В знаменитой молоканской книге «Дух и Жизнь», собранной из сочинений наставников и пророков молокан-прыгунов, было указано первое и важнейшее отличие религии предков от религии православной: «[Предки] принадлежали к греко-российской православной церкви — но только по наружности. Внутренно же исповедывали чистосердечно веру во Всемогущаго и везде сущаго и Всесотворша-го Бога, обитающего в живом существе — но не в мёртвом деревянном, каменном, или в других изображениях, сделанных искусственно руками человеческими по изволению и вымыслу людей» [Дух и Жизнь..., 1975, с. 11] (выделено мной. — С. Н.).
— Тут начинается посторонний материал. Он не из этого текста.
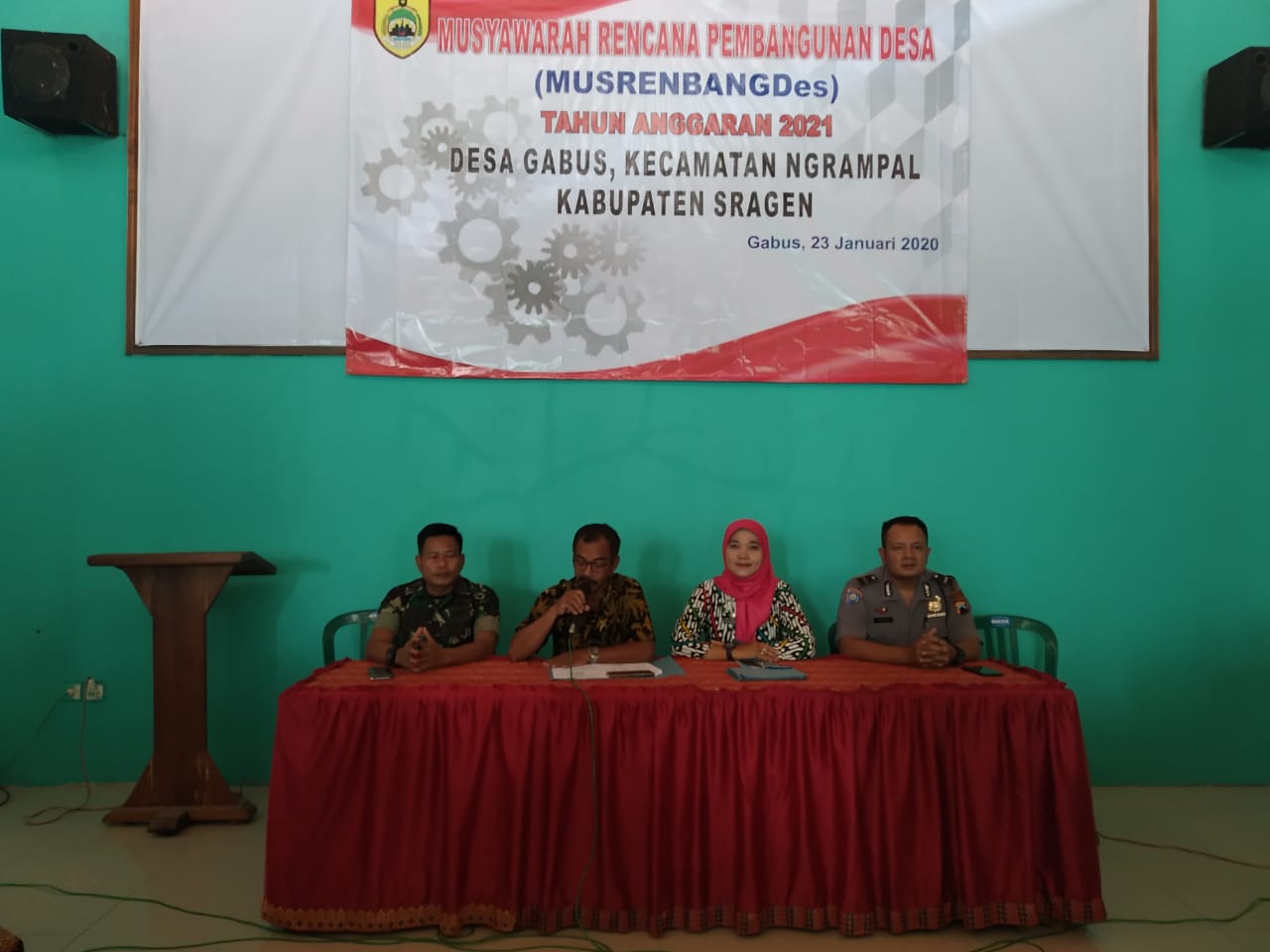 Kamis,23 Januari 2020 Pukul 10.00 wib s/d Pukul 11.00 Wib Batituud Koramil 07/ Ngrampal Peltu Sukardi menghadiri Undangan Musyawarah rencana pembangunan Desa. ( Musrenbangdes ) dalam rencana Ta. 2021 Bertempat di Aula Balai Desa Gabus.

Многие молокане, подававшие после отмены крепостного права прошения выйти из православия, куда их практически насильно отправляли, и вернуться в свою веру, подчеркивали, что были в православии лишь наружно, а внутренне, или сердечно, всегда оставались в своей вере.
Как написано в одном из первых очерков о молоканах, их «наружное богослужение без сердечного расположения не вменяется в грех» [Исторические сведения., 1858, № 3, с. 65—66]. Это означало, что в наружном богослужении участвовал не внутренний человек, то есть человек истинный, а внешний, который мог быть в маске православия. (Замечу, что все оппозиции, как мы видим из приведённых примеров, номинируются, то есть обозначаются самими носителями культуры. Тем самым название каждого составляющего
оппозиции (наружное, внутреннее, видимое, невидимое, истинное, не истинное) является обозначением понятия не только в языке исследователя, но и метапонятия в самой культуре — это говорит о высокой степени рефлексии, то есть культурного самосознания).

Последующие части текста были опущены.